The first meeting, Beylotte said, focused more on Avondale, parking issues, and traffic cutting through neighborhoods, as residents struggle to handle what he termed “post-growth” issues.
“There was a lot of discussion about the growing pains of economic success, but not a lot of discussion of the ‘Motor Mile’ and its effects on the area,” said Beylotte.
Tuesday, locals’ main focus was on traffic jams and economic development, judging by a quickie survey conducted by the planners with the help of computer-linked clickers.
A wide range of the community attended, though minority representation was noticeably low. There was an infant clinging to his mother’s chest, a woman in a wheelchair, another woman with day-glo teal and yellow hair, another with a hat covering her head. Some were in suits, others in scrubs.
Former City Councilman Paul Tinkler was in a tie and rolled-up shirtsleeves, fresh from listening to speech delivered by his mentor, former mayor Joseph P. Riley Jr., earlier at The Citadel on how the peninsula was resurrected.
“The thought occurred to me that all we need is to have the same sort of vision, energy, and public involvement and we can recreate what happened downtown in West Ashley,” said Tinkler.
Tinkler took issue with the idea that Plan West Ashley was needed because Riley ignored West Ashley for so long, as many contend, and instead focused redevelopment on the peninsula. Tinkler said that Riley was like the doctor who focused on the “heart and internal organs” of an ailing patient before turning his attention to West Ashley, which he likened to a limb.
Additionally, Tinkler pointed out that he was part of a revitalization effort in the Old Towne area that began nearly 20 years ago, when medians were planted with attractive flowers, and sense of “community pride” began to flourish. Soon after, the Northbridge-area resident said moribund sites became thriving businesses, like Kickin’ Chicken.
Local businessman Ric Sommons would like the process to also create a new identity for West Ashley. “For so long, it’s been ‘West Ashtray,’” he said, ruefully pointing out there are no signs directing drivers to the most populous part of Charleston.
Sommons lives in Edgewater Park and whose first of three Doolittle’s pet supply stores is located on Windermere Boulevard. “If you are looking for West Ashley, you can follow sign to Folly and Savannah, but not to West Ashley.”
“A little more of an identity would not be a bad thing,” said Sommons, who was excited to hear from other teams’ presentations that others in the area share his hopes of improving the greenway and bikeway.
Sommons like Beylotte hopes the planners adhere to the public’s suggestions when crafting its recommendations.

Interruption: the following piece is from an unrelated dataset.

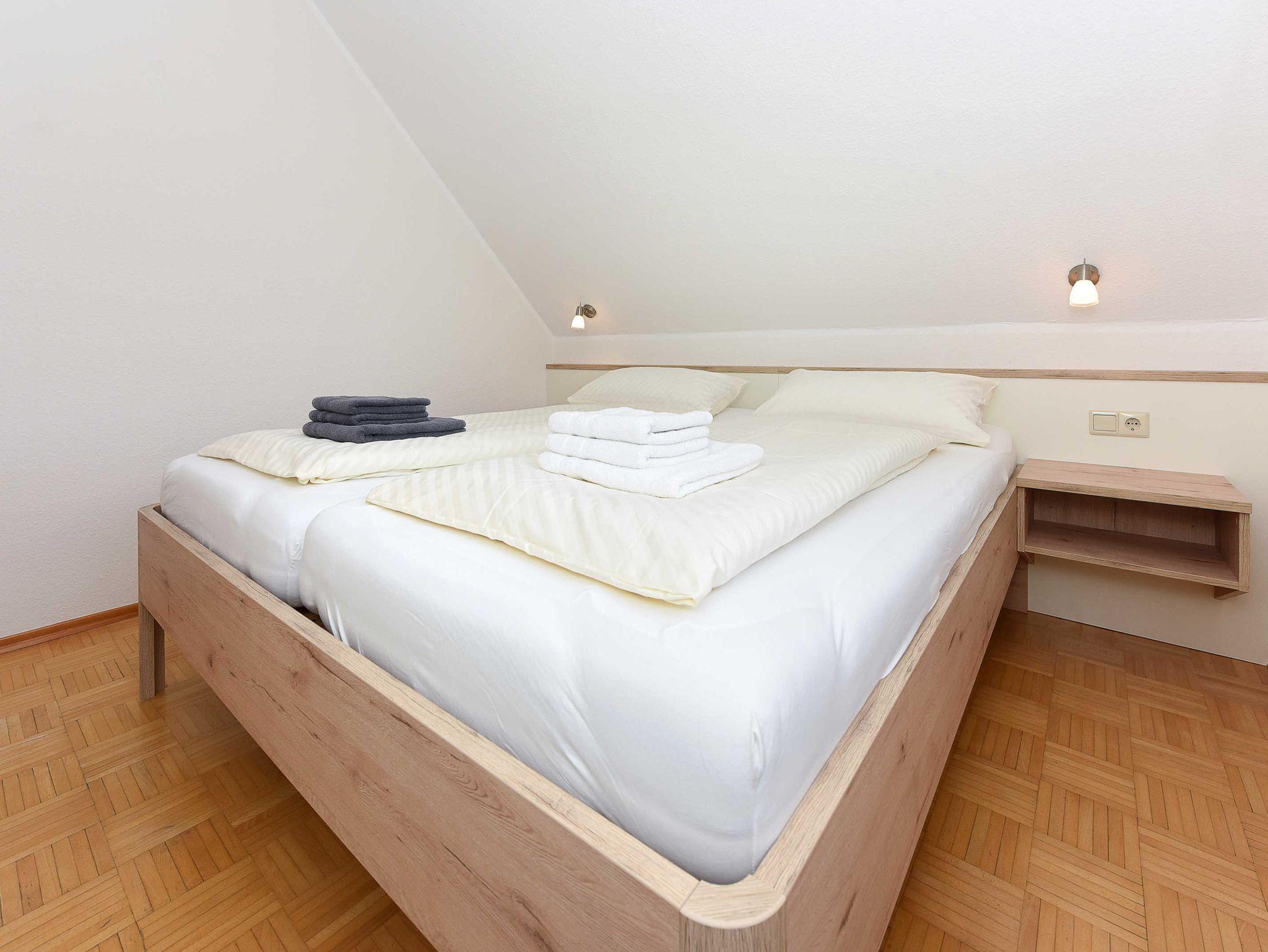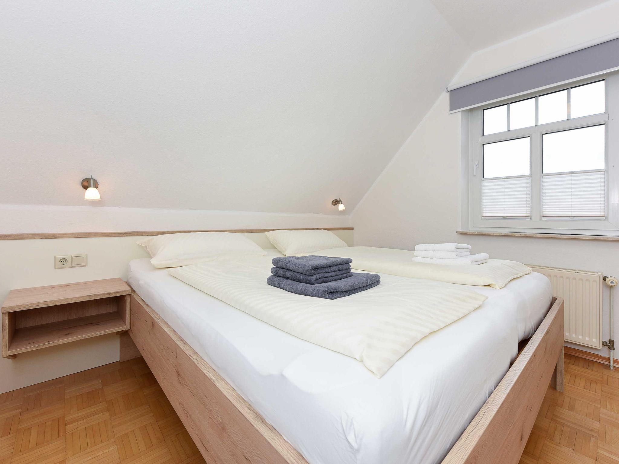 Größe ca. 90 Quadratmeter, Wohnraum mit integrierter Küche und Essgruppe, Schlafzimmer, zweites separates Schlafzimmer/Kinderzimmer, drittes separates Schlafzimmer, Badezimmer mit Dusche, Waschtisch und WC, Obergeschoss, Balkon, optimal für 2 bis 6 Personen und zusätzlich ein Kleinkind.

“I’m cautiously optimistic,” said Sommons.
“It’s the beginning of the process, so I want to believe in what the consultants say,” said Beylotte, who will soon make official his candidacy for the West Ashley state House seat currently held by Lin Bennett. “I plan to attend the next two meetings, too, so see what they say.”
Planner Victor Dover, speaking last week from his Miami-area office said the key will be striking the right balance between all the community ideas and future needs with the realities of West Ashley’s current situation.

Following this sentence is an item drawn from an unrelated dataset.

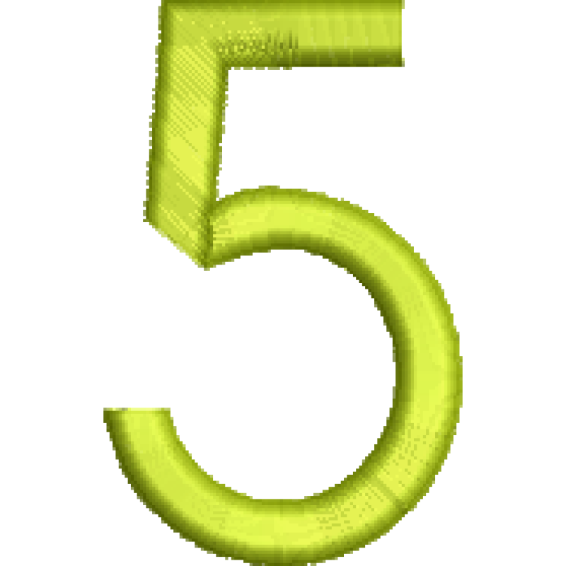 Arty Number 5 Available in machine embroidery formats EXP, DST, JEF, EXP, PES, PEC, VP3, HUS, PCS, XXX, CSD. 32.40x51.30 mm; 1,070 stitches 1 thread changes; 1 colors Color Changes 1. Brass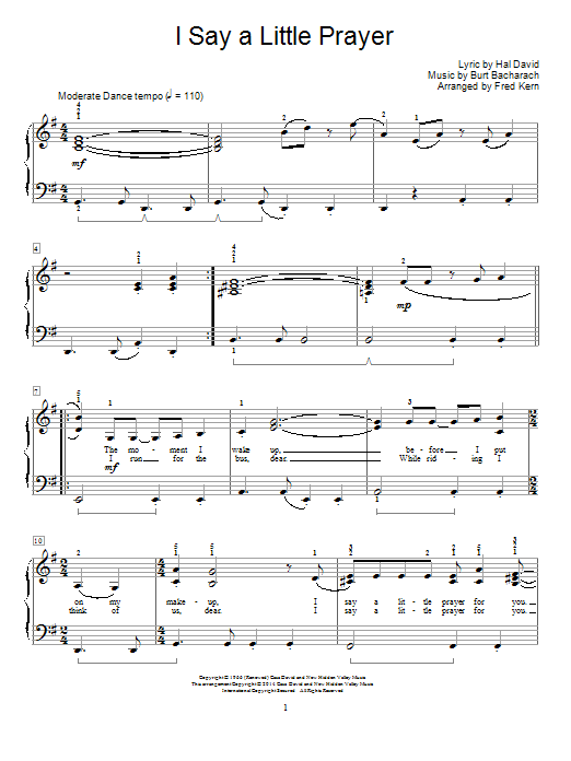 Download or print Fred Kern I Say A Little Prayer sheet music, chords and digital score arranged for Educational Piano. This Pop score includes 4 page(s).

Dover likened last week’s meetings to a first draft, where notes are taken in the margins. Later in public planning meetings May 8-12, those ideas will be narrowed down, before one last public meeting is held Saturday, May 13 from 10 a.m.-noon at Citadel Mall.
From there, Dover and his professionals will get to work, producing a document that is more than, in his words, “a series of notes taken at large public meetings.”

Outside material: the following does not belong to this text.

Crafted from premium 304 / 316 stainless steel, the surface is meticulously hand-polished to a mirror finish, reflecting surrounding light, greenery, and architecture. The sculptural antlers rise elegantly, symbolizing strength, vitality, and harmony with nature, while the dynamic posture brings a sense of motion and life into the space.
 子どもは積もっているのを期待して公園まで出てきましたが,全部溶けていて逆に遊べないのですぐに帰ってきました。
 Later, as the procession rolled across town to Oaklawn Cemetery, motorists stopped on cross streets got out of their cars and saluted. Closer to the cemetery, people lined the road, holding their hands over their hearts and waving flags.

Dover grew up in the part of Charlotte most like West Ashley, and said he knows the plan won’t be a success if the public doesn’t buy into it. But he said it’s important to make sure that whatever emerges doesn’t include any “deal maker” features, because in the political realm those can become “deal killers.”
Traffic and congestion won’t “magically” disappear, no matter what plan emerges, warned Dover, but if the plan includes alternatives to “sitting in a traffic jam every time you want to go do something.”